Responding to atheists’ evidence, Jacques Rousseau, a South African humanist and chairperson of the Free Society Institute, called it a “fabrication, or at least a fantasy, that [Mandela] was an atheist at all.” Mandela’s longtime friend Bishop Don Dabula unequivocally stated that Mandela “was a deeply religious man; he believed sincerely in the existence of the Almighty.” Michael Trimmer, in Christianity Today, went one better, writing that Mandela’s Christian faith is now “universally accepted,” a conclusion he based on words Mandela uttered when he attended church services during his presidency. Much more cautiously, Emily Murdoch, in World Religion News, wrote that because Mandela was very quiet about his religious beliefs, “History is still unsure of what Nelson Mandela’s exact beliefs were regarding god and religion.”

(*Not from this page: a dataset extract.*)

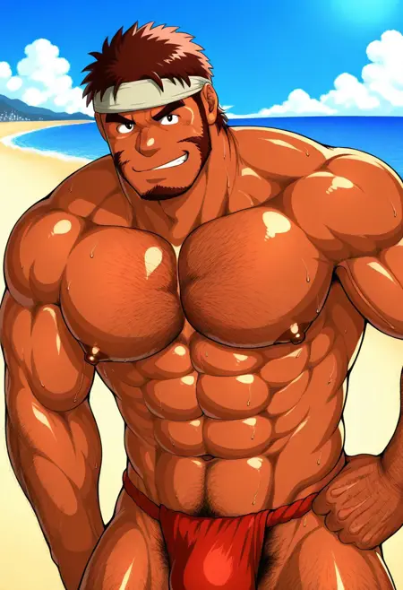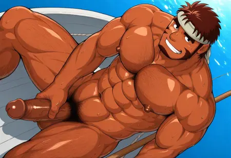 - 毛深汚れ、下品な兄貴系、巨根、禅担当。ポイントはざんばら髪とパンダナ、頬髭。外見的には「とにかくあざとく!」とのお達しでしたので、あざといラフを描いて一発でOKをもらって(笑)こんな感じになりました。もっと長髪にしても良かったかもとかバンダナ無しでも良かったかもとかこんなヒゲありえねえとか色々思う所はあるのですが、全体としてはイメージ通りにいったと思います。お気楽そうに見えて実は重く苦いものを内面に抱えている設定だったのですがあまりにもエロ指数が高く脳天気にやりまくってくれるので、シリアスな表情を描くのに試行錯誤した覚えがあります。隆一に加担した行為への賛否で好き嫌いが大きく別れていますが、それを考えるとやっぱり男は中身も大事だとつくづく思います。

Amid the debate are those who have wondered if Mandela’s faith really matters. They have argued that a good man is a good man, no matter what his faith. What matters was his leadership in overturning apartheid in South Africa. And why bother to debate an issue Mandela himself refused to address? These writers, I would argue, are missing an important point, and in addition to examining the evidence on both sides of the debate, I will show that Mandela’s faith—which I will call “Ubuntu atheism”—does matter because it offers important lessons for leaders today.
Theists’ ‘Evidence’
In The Spiritual Mandela: Faith and Religion in the Life of Nelson Mandela (2018), South African journalist Dennis Cruywagen admited that after his release from prison in the 1990s, Mandela stated in an interview that “No, I am not particularly religious or spiritual. Let’s say I am interested in all attempts to discover the meaning and purpose of life. Religion is an important part of that exercise.” But Cruywagen then presented evidence “from many people who can testify to having witnessed his spiritual side.” They include Methodist prison chaplain Dudley Moore and Anglican priest Harry Wiggett who said that Mandela took communion regularly in prison, while Methodist president John Scholz told Cruywagen that Mandela not only accepted communion in his presence but encouraged the prison chaplain to do the same. In 1990, Mandela also took communion at a Catholic church, a controversial act that Rome questioned.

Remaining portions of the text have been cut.